▸ Dataset records
++++++++++++++++++++
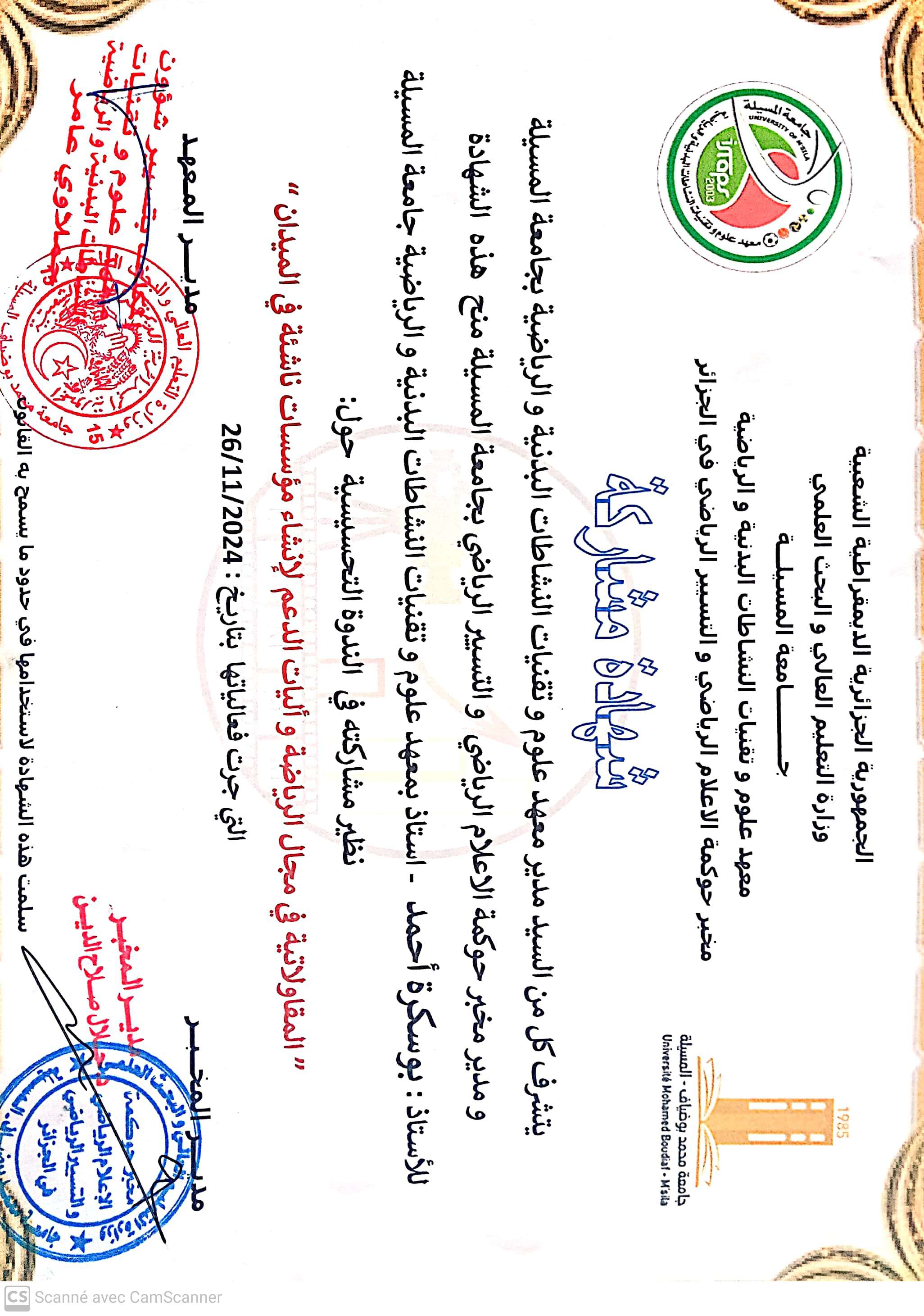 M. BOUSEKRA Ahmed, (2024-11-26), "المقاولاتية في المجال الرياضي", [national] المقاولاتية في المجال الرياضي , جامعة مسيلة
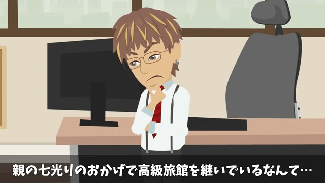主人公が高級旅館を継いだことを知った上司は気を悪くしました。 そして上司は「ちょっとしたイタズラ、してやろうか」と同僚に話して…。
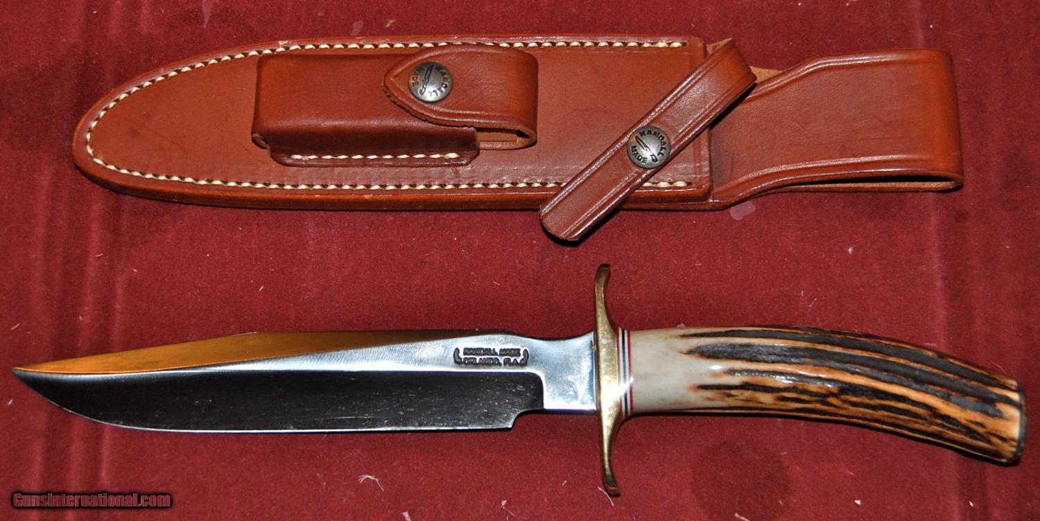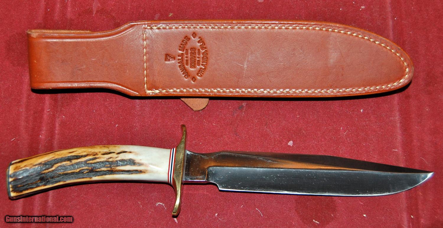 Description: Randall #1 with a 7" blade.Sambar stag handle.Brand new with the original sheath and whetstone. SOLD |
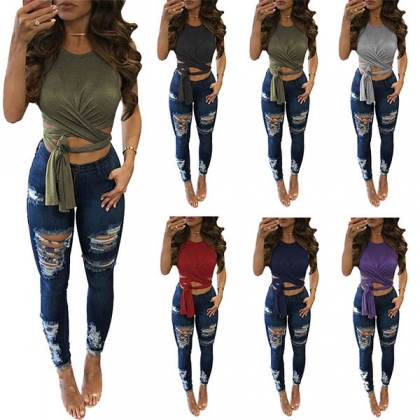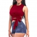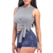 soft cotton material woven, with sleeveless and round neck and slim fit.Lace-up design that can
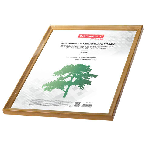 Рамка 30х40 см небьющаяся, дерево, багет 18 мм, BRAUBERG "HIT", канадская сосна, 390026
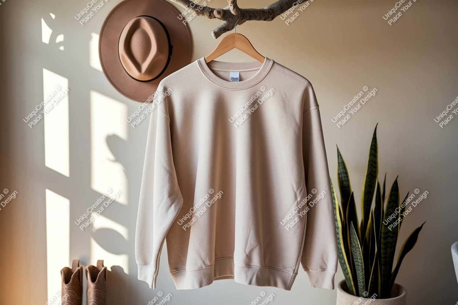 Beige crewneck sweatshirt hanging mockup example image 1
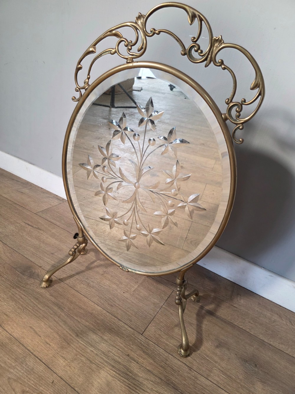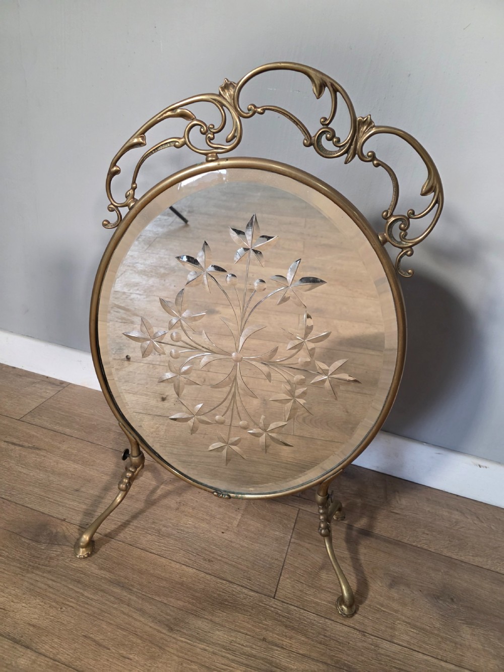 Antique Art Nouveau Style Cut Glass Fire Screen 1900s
++++++++++++++++++++
▸ Exercise directions
Give the entries again exactly. Pictures stay out.

▸ Solution
 M. BOUSEKRA Ahmed, (2024-11-26), "المقاولاتية في المجال الرياضي", [national] المقاولاتية في المجال الرياضي , جامعة مسيلة
主人公が高級旅館を継いだことを知った上司は気を悪くしました。 そして上司は「ちょっとしたイタズラ、してやろうか」と同僚に話して…。
 Description: Randall #1 with a 7" blade.Sambar stag handle.Brand new with the original sheath and whetstone. SOLD |
 soft cotton material woven, with sleeveless and round neck and slim fit.Lace-up design that can
 Рамка 30х40 см небьющаяся, дерево, багет 18 мм, BRAUBERG "HIT", канадская сосна, 390026
 Beige crewneck sweatshirt hanging mockup example image 1
 Antique Art Nouveau Style Cut Glass Fire Screen 1900s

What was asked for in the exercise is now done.